Hoping the weather holds...just went to Wally World over lunch and was surprised that they don't have their spring/summer goodies out yet. That's my favorite part of getting ready for the season...buying new plastic! Ha!


----------



## California Jim (Dec 11, 2003)

April 6-13th.

We're heading to ITALY for two weeks (no kids), and will be at Vatican City on Easter Sunday









Look for me at the Easter service on TV. I'll be the guy with the brown hair


----------



## tdvffjohn (Mar 10, 2005)

California Jim said:


> April 6-13th.
> 
> Look for me on TV, I'll be the guy with the brown hair


And banging on the cowbell


----------



## California Jim (Dec 11, 2003)

1-2-3-4.....MISSISSIPPI QUEEN....WELL YA KNOW WHAT I MEAN!

Ah, I still need more cowbell


----------



## Scrib (Jun 28, 2005)

California Jim said:


> will be at Vatican City on Easter Sunday


Holy cow!







Actually, I bet that place will be a zoo - should be a memorable experience though!


----------



## mswalt (Sep 14, 2004)

> _Holy_ cow!


Good one!









Mark


----------



## FraTra (Aug 21, 2006)

April 1-6.

We're going camping for 4 nights at F. D. Roosevelt State Park here in GA.


----------



## outbackgeorgia (Jan 28, 2004)

Spring Break for Brian is the first week in April.

We are going to Florida March 31 for the St. Pete Grand Prix, then over to Titusville to Manatee Hammock County Park (full hookups) on the river across from the Space Center until April 8.
We will travel every day to Orlando, New Smyrna, Lake Mary to visit the relatives and party with friends.
We will also be planning our camping vacation to the northeast this year.

Dave, Linda, and Brian


----------



## prevish gang (Mar 19, 2006)

March 30th through Easter Monday

Darlene


----------



## Oregon_Camper (Sep 13, 2004)

March 26th to 30th.

Wife and kids all have the time off (DW teaches 2nd grade). They are going to spend time at her parents house....I get to stay home and go to work.


----------



## RizFam (Feb 25, 2006)

April 9-13


----------



## skippershe (May 22, 2006)

March 26-30th


----------



## camping canuks (Jan 18, 2007)

Spring break here is usually broken by winter, now warming up to -18 C with the wind chill, need to be farther south. Although my American friends to the south in upper NY state have had the mother of all winters, to which I offer my profound sympathy. Do many actually pull their OB's out of the snow to camp farther south?


----------



## Y-Guy (Jan 30, 2004)

Nice thing in the Northwest is that Oregon usually takes Spring Break the last week of March and Washington the first week in April, makes more room for all of us when camping.
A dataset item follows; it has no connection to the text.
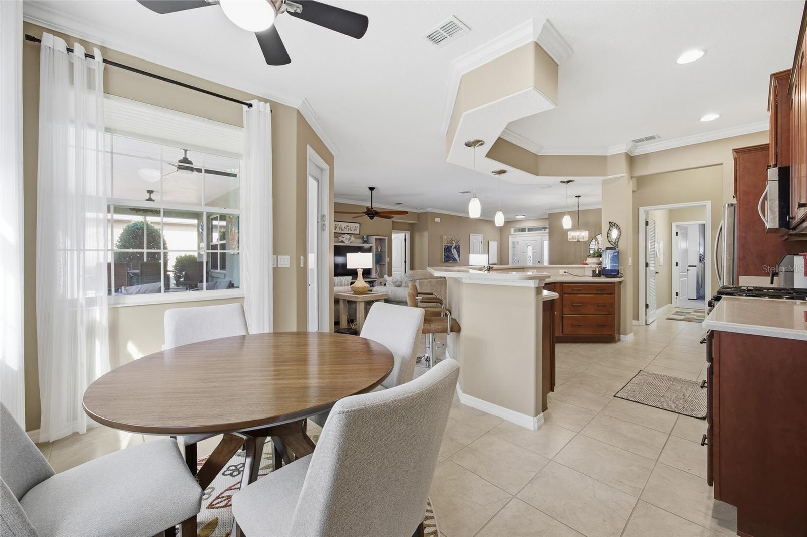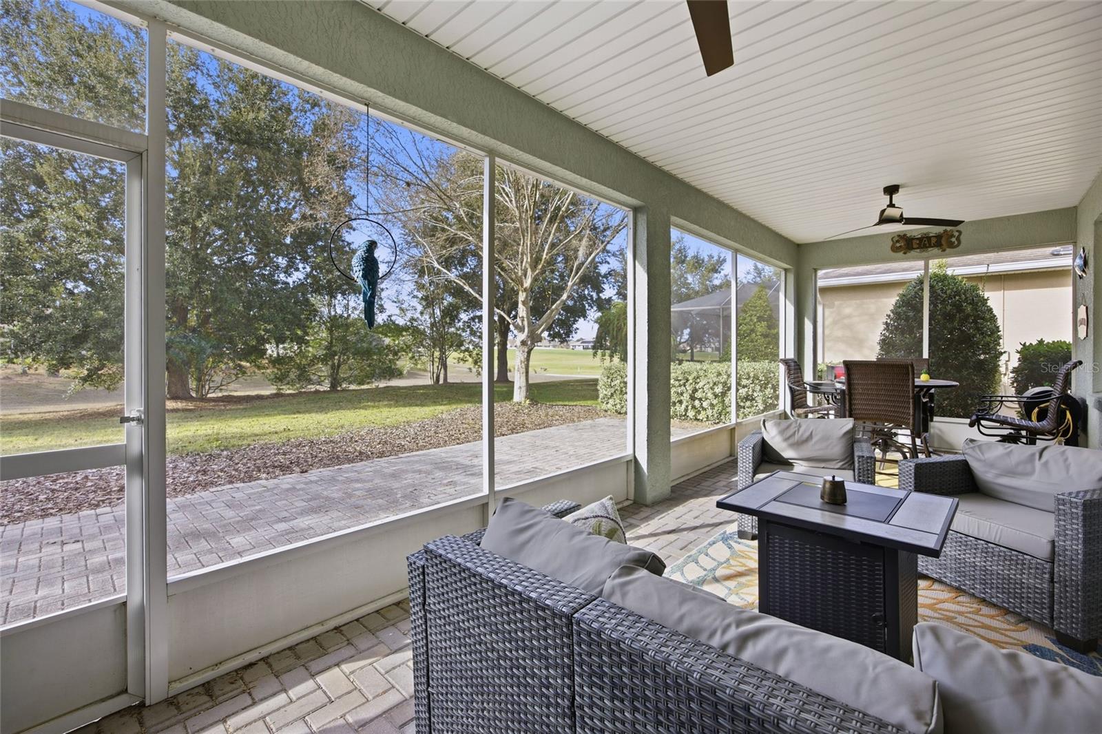 One or more photo(s) has been virtually staged. Beautiful, fully furnished 2,010 sq ft, 3/2 Lochearn model located in Candler Hills at On Top of the World offers a golf course view. Ideal for active adults and snowbirds seeking a Turnkey home with low maintenance. This Move-in Ready home includes furniture, decor, dishes, linens, and an electric golf cart. The oversize garage with room for a golf cart features a built-in workshop with Mitsubishi mini-split A/C for year-round comfort. Imagine coffee and cocktails on the lanai while watching golfers and sunsets. From Low E glass windows, master bedroom plantation shutters and tray ceiling, Corian countertops, radiant barrier foil backed roof sheathing, a side utility door in the garage and natural gas, this house is gorgeous. The guard gated 55+ active HOA community features resort style amenities including pools, clubhouses, fitness centers, restaurants, pickleball, tennis, archery, mini golf, dog parks, social clubs and much more. This golf cart community has connectivity to grocery, medical, restaurants and

I leave the 28th of March and the family follows shortly after for the first week in April. Heading to the Oregon Dunes to go riding. This has become our annual trip, the funny thing was the first time we did it we had our Outback and walked through all the people with ATVs and though we'd never want to do that... LOL. Now we camp with all those people.


----------



## Chabbie1 (Dec 3, 2006)

Our spring break is from April 1-9. We are going way north by Yreka camping! Yeah!


----------



## Oregon_Camper (Sep 13, 2004)

Y-Guy said:


> Nice thing in the Northwest is that Oregon usually takes Spring Break the last week of March and Washington the first week in April, makes more room for all of us when camping.
> 
> I leave the 28th of March and the family follows shortly after for the first week in April. Heading to the Oregon Dunes to go riding. This has become our annual trip, the funny thing was the first time we did it we had our Outback and walked through all the people with ATVs and though we'd never want to do that... LOL. Now we camp with all those people.


We used to camp in a tent a make fun of people in trailers....now we sleep in a warm place...on a soft bed and make fun of the poor fools in tents...


----------



## mountainlady56 (Feb 13, 2006)

The week of 4/2-6, here in S GA!! Planning on camping somewhere.........hmm........may join FraTra at FDR State Park. It's nice!!







Course, Jimmy's gonna probably put in to go to the beach!








Darlene


----------



## kywoman (Feb 9, 2006)

We live in Northern Ky, our spring break is March 23-30th however we are going to Topsail so lucky my son has a GREAT teacher and she allowing him an extra few days soooo..we are heading out on Sat March 17 and returning Sunday April 1st.... YAHOOO!!!


----------